--- Data extract Enclosed Below ---
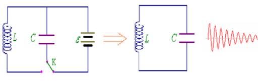 无磁水表的基础原理是LC振荡传感器,在该电路中,通过开关K调整,可以在LC电路上实现一个正弦波输出电路,通过K对电容C充电,充满后,将K与电感L连通,电容的电量将通过L放电,由于存在电感L的电能消耗,所以将会呈现一个逐步衰减的正弦波输出。如下图
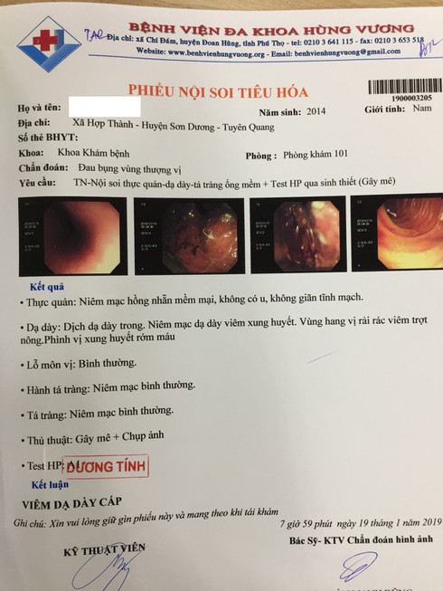Cũng tương tự như trường hợp của bệnh nhi B, bệnh nhi N.X.H, 12 tuổi cũng phải nhập viện điều trị do viêm loét hành tá tràng và xét nghiệm vi khuẩn HP dương tính.
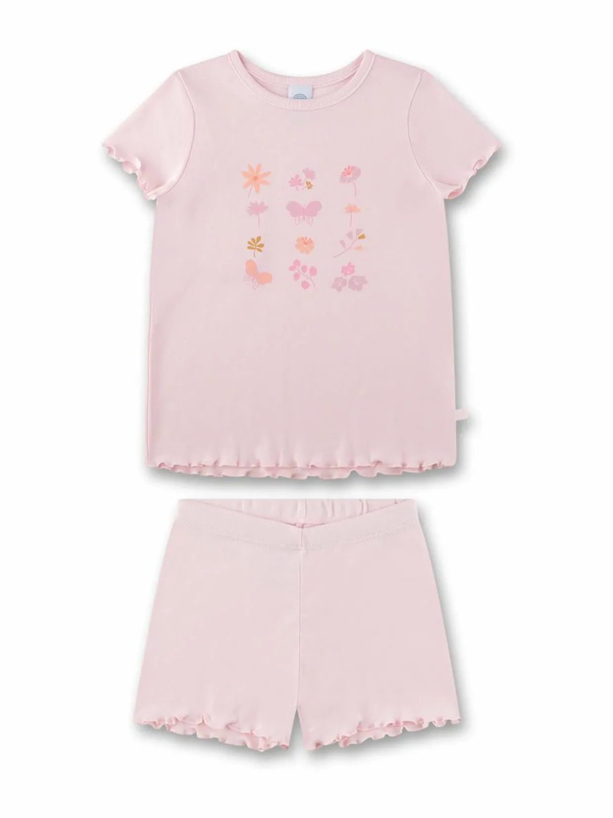 Sanetta Flower -shortsipyjama on valmistettu hengittävästä ja miellyttävän tuntuisesta puuvillasta, joka takaa iholle mukavan tunteen koko yön ajaksi. Settiin kuuluu lyhythihainen t-paita, jossa on söpö kukka- ja perhoskuviointi sekä yhteensopivat shortsit. Molemmissa osissa on aaltomaiset reunat, jotka tuovat pyjamaan hauskaa ilmettä.
--- End of Enclosed Data extract ---
Exact repetition is required for the lines from the first one in the listing through the one that holds "Cũng tương tự", and pictures are to be omitted.

### Finished exercise
 无磁水表的基础原理是LC振荡传感器,在该电路中,通过开关K调整,可以在LC电路上实现一个正弦波输出电路,通过K对电容C充电,充满后,将K与电感L连通,电容的电量将通过L放电,由于存在电感L的电能消耗,所以将会呈现一个逐步衰减的正弦波输出。如下图
Cũng tương tự như trường hợp của bệnh nhi B, bệnh nhi N.X.H, 12 tuổi cũng phải nhập viện điều trị do viêm loét hành tá tràng và xét nghiệm vi khuẩn HP dương tính.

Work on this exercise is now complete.